═════ Data records ═════

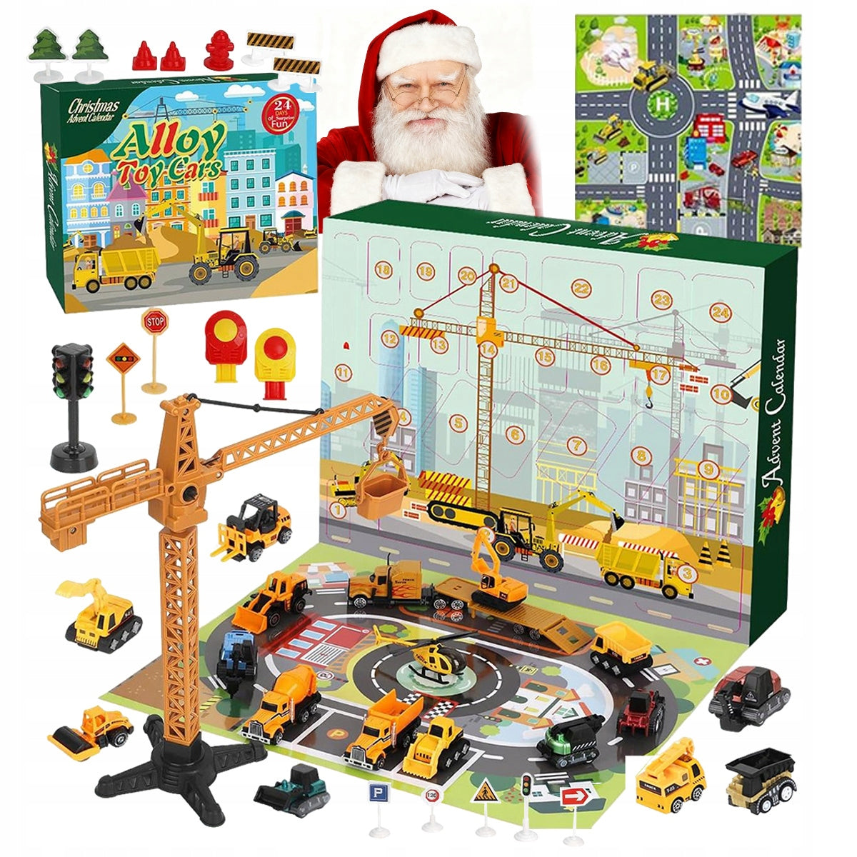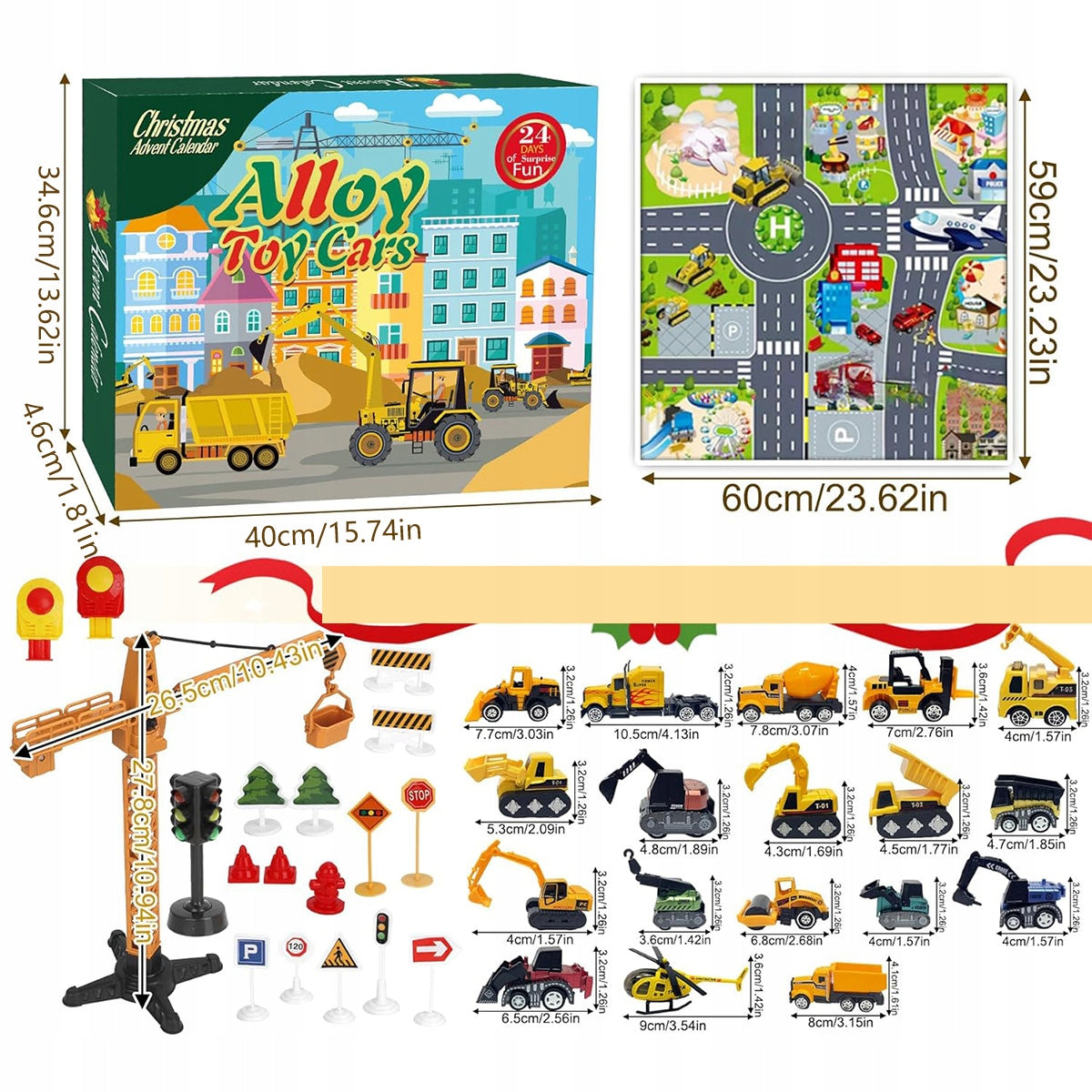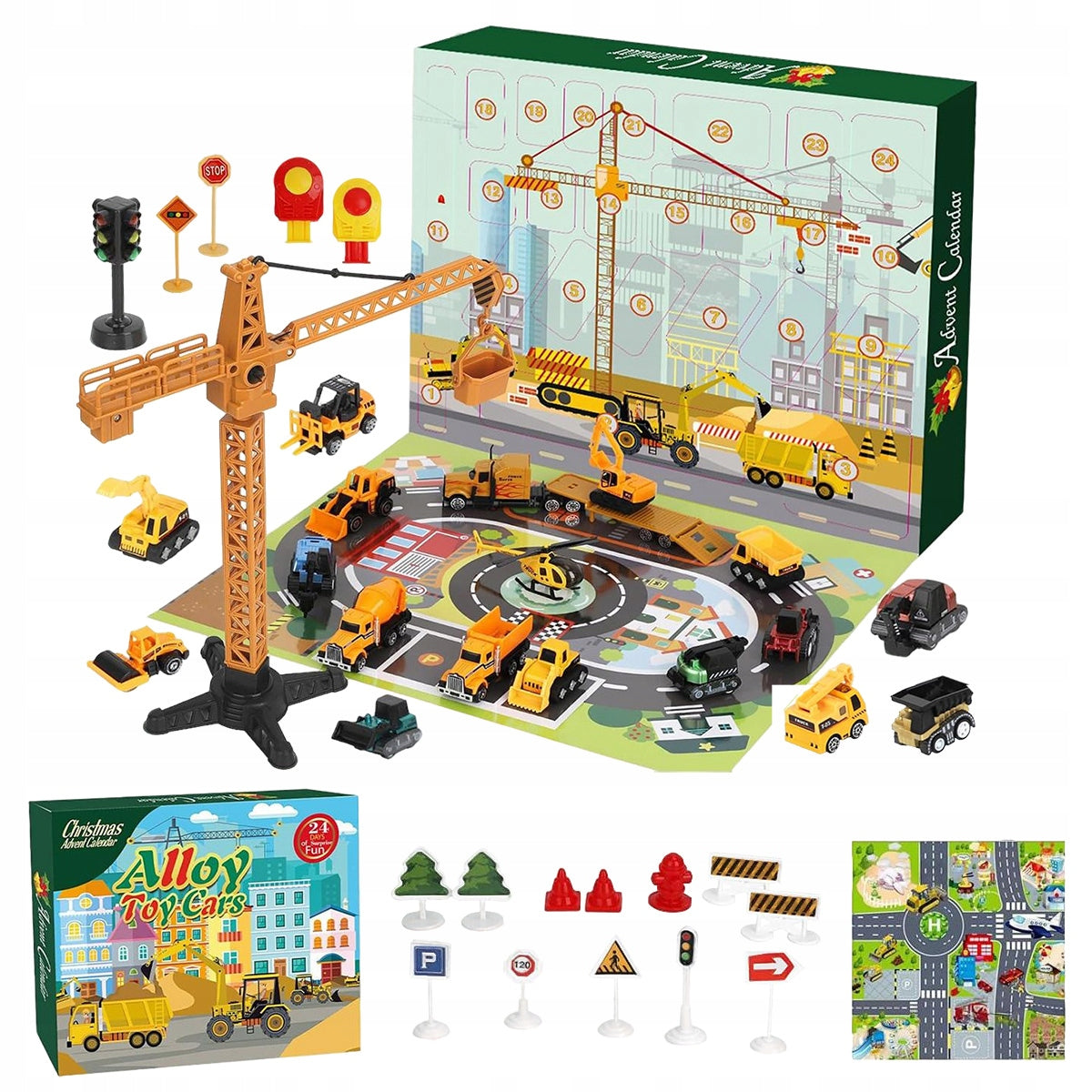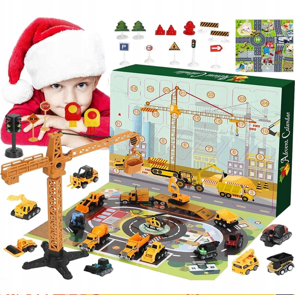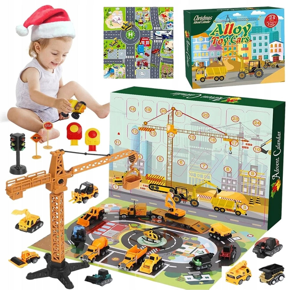 Advento kalendorius vaikams 2025 – 24 dienų kalėdinis rinkinys su metaliniais automobiliais ir statybinėmis mašinėlėmis
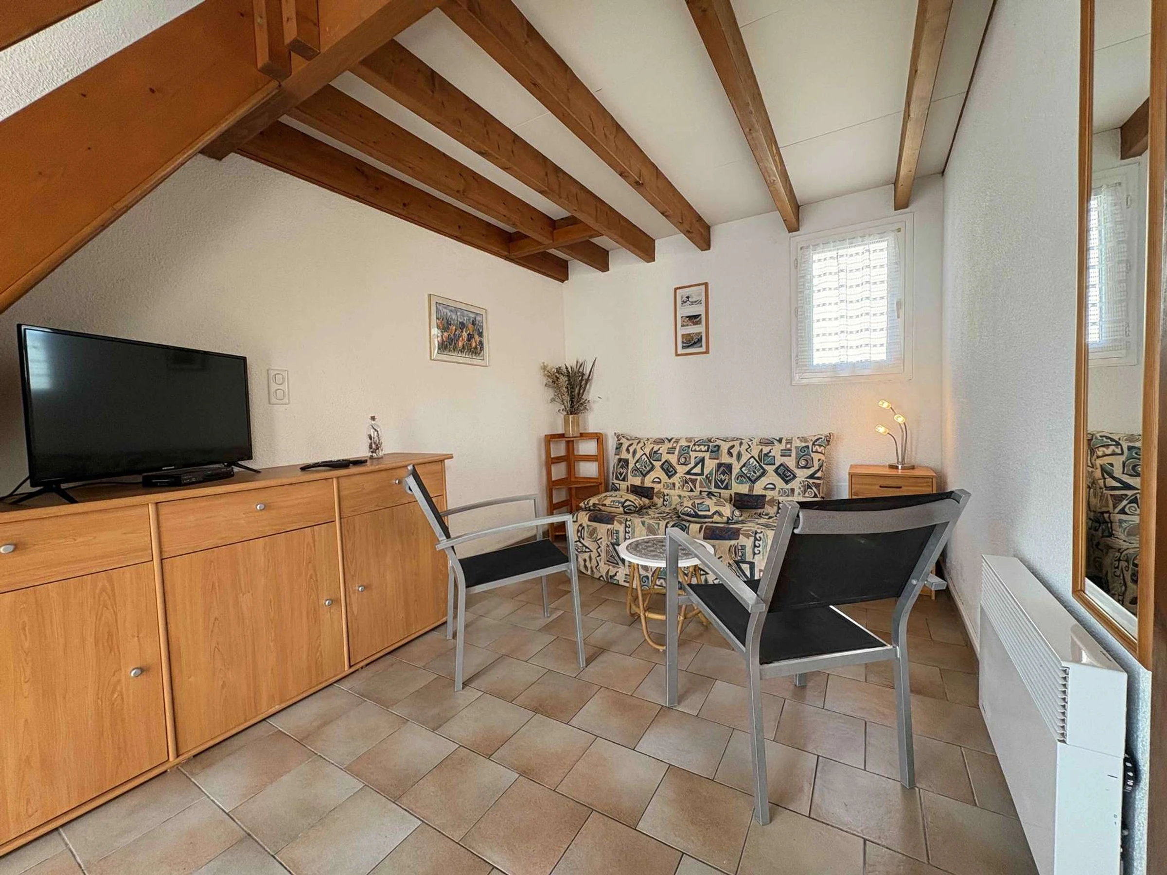 A l’étage, d'une chambre deux couchages (140) et d'un coin nuit avec deux couchages en mezzanine (140). En extérieur, la maison dispose d'une agréable cour avec mobilier de jardin et barbecue!
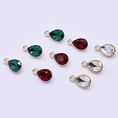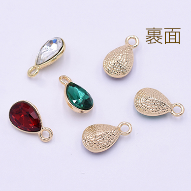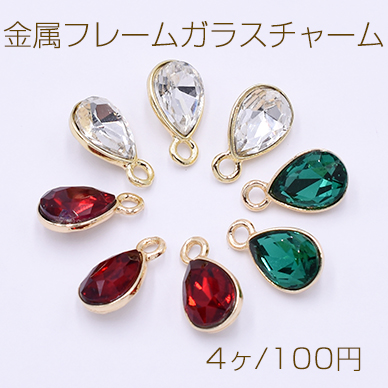 金属フレームガラスチャーム 雫型 1カン 8×14mm ゴールド【4ヶ】
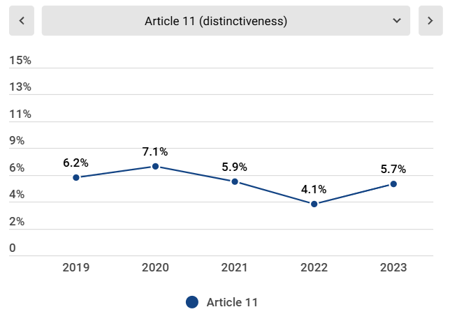 Success rates of overturning ex officio refusals citing Articles 4, 10.1.7, 10.1.8 or 11 (including partial approval)
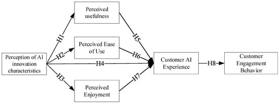 Customer engagement, as the “twin brother” of customer experience, has been extensively studied recently in the interactive marketing literature [31,32,33,34]. For instance, the relationship between customer engagement and customer value forms a natural alliance within customer experience, collectively constituting the trinity of marketing [20]. Digital customer engagement further increases consumer participation in various social media platforms with a significant impact on marketing strategic implications [35,36]. Various conceptualizations and measurements of customer engagement can be categorized into four main dimensions: psychological states, customer behaviors, company value-add mechanisms, and intrinsic motivations. Customer engagement behavior refers to actions taken by customers beyond the purchase, driven by motivation towards a brand or company, such as word-of-mouth activities, recommendations, assisting other customers, blogging, writing reviews, and engaging in legal actions. A positive artificial intelligence (AI) service experience motivates customers to integrate more physically, mentally, socially, and emotionally with the company [37]. Previous research has shown that customer engagement behaviors can bring significant benefits to companies, such as improved company performance, support for new product development, promotion of service innovation, and intangible benefits like attracting more customers [38,39]. This paper incorporates both customer AI experience and customer engagement behaviors into the Technology Acceptance Model because, in the context of e-commerce platforms, the customer AI experience serves as a response to the use of AI services and can effectively measure usage attitude, which is a key component in the classic TAM model.
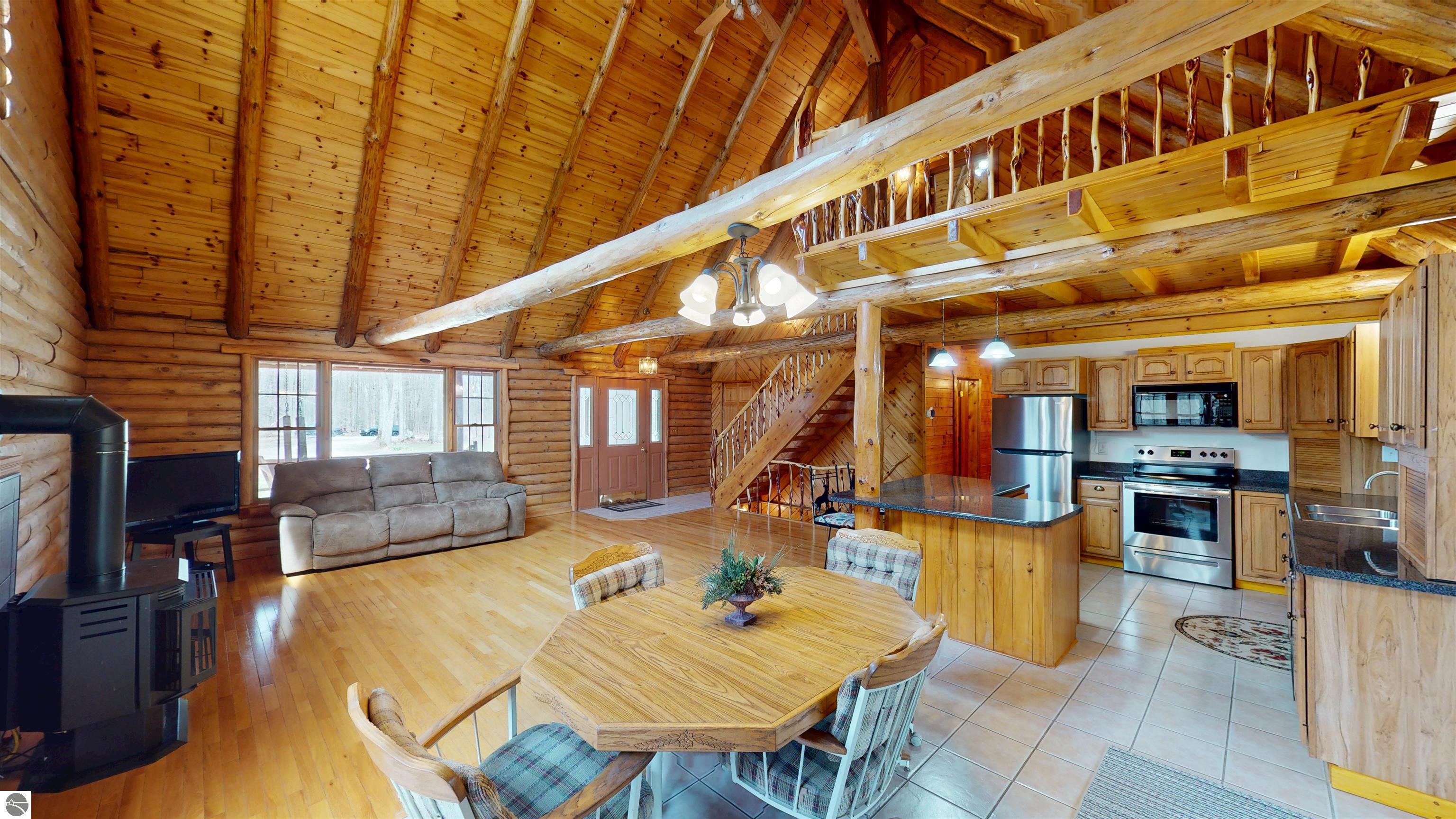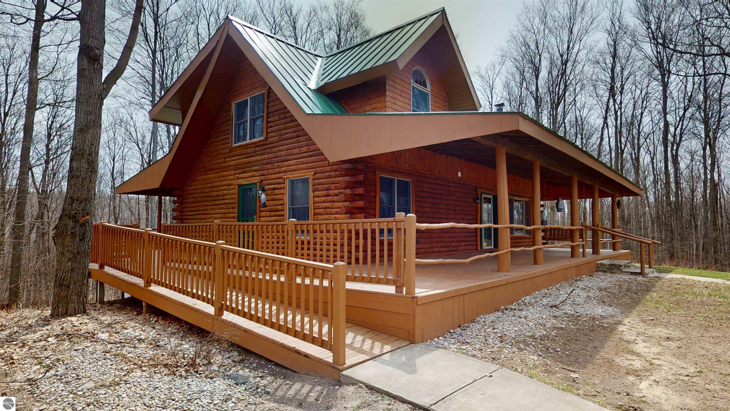 Gorgeous handcrafted white cedar log home on over 90 acres! Main floor features open concept and soaring ceilings with log beams that highlight the beauty of nature. Custom woodwork throughout this 3 level home, including unique diamond willow staircase and loft rails. Private primary suite, with additional 3 bedrooms and 2 full bathrooms provide plenty of space to create a family retreat. Spend your days exploring nearby Bellaire, golfing at Schuss and Shanty Resort or boating the Chain of Lakes. Imagine morning coffee on the covered wrap around porch or relaxing evenings in front of the natural stone fireplace. This exceptional home offers nature inspired luxury in the heart of Northern Michigan. Time to live your dream!
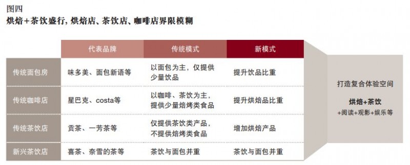 奈雪的茶、喜茶为代表的新锐面包茶饮店带动了“烘焙+饮品”之风,这种模式改变了消费者“只买饮品”、“只买面包”的消费习惯,而是将二者搭配起来。这看似微小的调整,给中国烘焙市场带来了一波转型潮流,并迅速吸引了一批新的玩家进行拓界尝试。除了空降的新锐面包茶饮店直接将烘焙和饮品并重,过去着重烘焙或者茶饮的玩家也开始调整产品结构,积极向“烘焙+饮品”模式转型(见图四)。
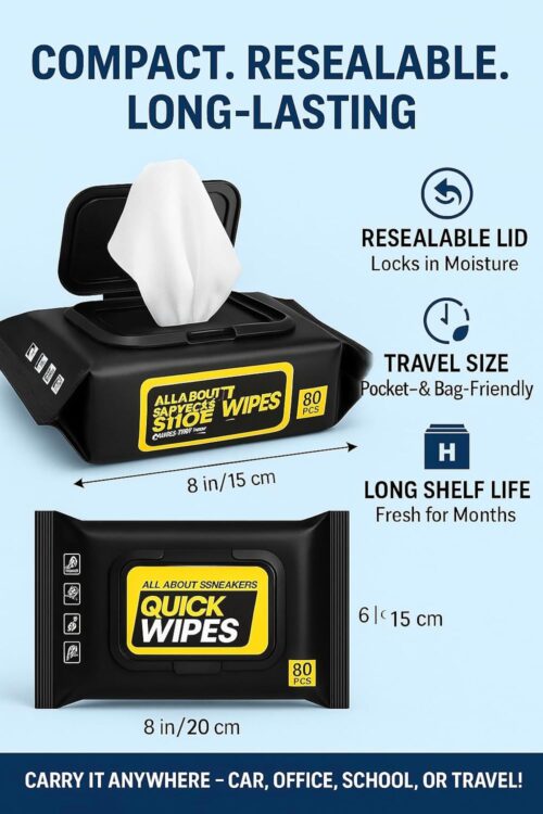 The resealable pouch keeps wipes moist and makes them ultra-portable—perfect for travel, work, or your gym bag. A light, refreshing scent ensures your footwear smells as clean as it looks.
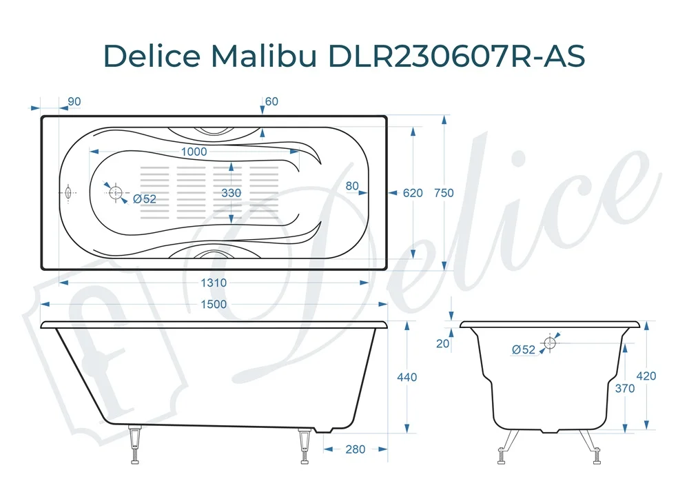 Ванна чугунная Delice Malibu 1500х750 с отверстиями под ручки и антискользящим покрытием DLR2 DLR230607R-AS

═════

Go through the entries above and print each one exactly, minus the pictures.

 Advento kalendorius vaikams 2025 – 24 dienų kalėdinis rinkinys su metaliniais automobiliais ir statybinėmis mašinėlėmis
 A l’étage, d'une chambre deux couchages (140) et d'un coin nuit avec deux couchages en mezzanine (140). En extérieur, la maison dispose d'une agréable cour avec mobilier de jardin et barbecue!
 金属フレームガラスチャーム 雫型 1カン 8×14mm ゴールド【4ヶ】
 Success rates of overturning ex officio refusals citing Articles 4, 10.1.7, 10.1.8 or 11 (including partial approval)
 Customer engagement, as the “twin brother” of customer experience, has been extensively studied recently in the interactive marketing literature [31,32,33,34]. For instance, the relationship between customer engagement and customer value forms a natural alliance within customer experience, collectively constituting the trinity of marketing [20]. Digital customer engagement further increases consumer participation in various social media platforms with a significant impact on marketing strategic implications [35,36]. Various conceptualizations and measurements of customer engagement can be categorized into four main dimensions: psychological states, customer behaviors, company value-add mechanisms, and intrinsic motivations. Customer engagement behavior refers to actions taken by customers beyond the purchase, driven by motivation towards a brand or company, such as word-of-mouth activities, recommendations, assisting other customers, blogging, writing reviews, and engaging in legal actions. A positive artificial intelligence (AI) service experience motivates customers to integrate more physically, mentally, socially, and emotionally with the company [37]. Previous research has shown that customer engagement behaviors can bring significant benefits to companies, such as improved company performance, support for new product development, promotion of service innovation, and intangible benefits like attracting more customers [38,39]. This paper incorporates both customer AI experience and customer engagement behaviors into the Technology Acceptance Model because, in the context of e-commerce platforms, the customer AI experience serves as a response to the use of AI services and can effectively measure usage attitude, which is a key component in the classic TAM model.
 Gorgeous handcrafted white cedar log home on over 90 acres! Main floor features open concept and soaring ceilings with log beams that highlight the beauty of nature. Custom woodwork throughout this 3 level home, including unique diamond willow staircase and loft rails. Private primary suite, with additional 3 bedrooms and 2 full bathrooms provide plenty of space to create a family retreat. Spend your days exploring nearby Bellaire, golfing at Schuss and Shanty Resort or boating the Chain of Lakes. Imagine morning coffee on the covered wrap around porch or relaxing evenings in front of the natural stone fireplace. This exceptional home offers nature inspired luxury in the heart of Northern Michigan. Time to live your dream!
 奈雪的茶、喜茶为代表的新锐面包茶饮店带动了“烘焙+饮品”之风,这种模式改变了消费者“只买饮品”、“只买面包”的消费习惯,而是将二者搭配起来。这看似微小的调整,给中国烘焙市场带来了一波转型潮流,并迅速吸引了一批新的玩家进行拓界尝试。除了空降的新锐面包茶饮店直接将烘焙和饮品并重,过去着重烘焙或者茶饮的玩家也开始调整产品结构,积极向“烘焙+饮品”模式转型(见图四)。
 The resealable pouch keeps wipes moist and makes them ultra-portable—perfect for travel, work, or your gym bag. A light, refreshing scent ensures your footwear smells as clean as it looks.
 Ванна чугунная Delice Malibu 1500х750 с отверстиями под ручки и антискользящим покрытием DLR2 DLR230607R-AS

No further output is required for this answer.